I set the goal that I wanted to be more positive. To me, that meant: complain less, see the good in people, focus on the good things in life, etc.

All I did was start paying more attention to my own behavior and thoughts, and make changes where necessary.

If I caught myself thinking a negative thought, I searched instead for a positive thought about the same subject. If I found myself about to say something rude, I asked myself if it really needed to be said, or if there was a nicer or more productive way to say it. If I felt miserable, I made a gratitude list or went on a rampage of appreciation.

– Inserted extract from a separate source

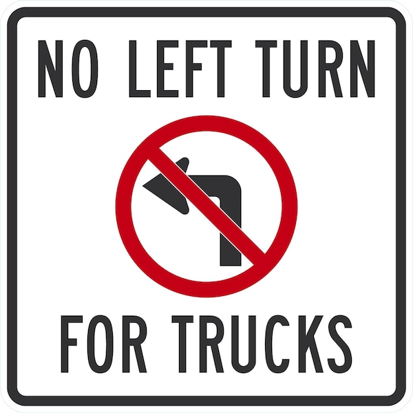No Left Turn For Trucks with Graphic, 30x30, Diamond Grade, White

Let me be clear: this does not mean that you bury/hide/ignore the things that are going wrong in your life, or the things that cause you pain. You can focus on those things, if and when your focusing on them will actually help solve or improve them in some way. If there’s nothing you can do about a shitty situation, though, you might as well put your attention elsewhere. We have a limited number of moments in this life; it’s silly to spend too many of them looking at what’s wrong with the world when you could be fixing problems or focusing on what’s going right.

You mentioned dressing brightly. That might work for you, or it might not. I like to do it because it makes me feel good when I’m in the right headspace for it, but there are so many other ways to “trick” yourself into feeling happier. You might want to try making a list of actions that make you feel good and then incorporating them into your life on a more frequent basis than you’re already doing.

But all that external stuff is just external. If you want to be a happier, more positive person, the real work will be internal: changing your thought patterns and your core beliefs. It sounds like a lot of work, but that’s only because you’re not in the habit of being positive yet. Being positive and being negative are the same amount of work; it’s just that most of us are more accustomed to one or the other, and what you’re used to is what feels easiest. Get into a new habit, make it stick, and it’ll start to feel easy.

More positivity resources: You Can Heal Your Life by Louise L. Hay. Ask & It Is Given by Abraham-Hicks. The Happiness Project by Gretchen Rubin. Lots of older posts on Gala Darling’s website. Pronoia is the Antidote to Paranoia by Rob Breszny. The documentary “Happiness.”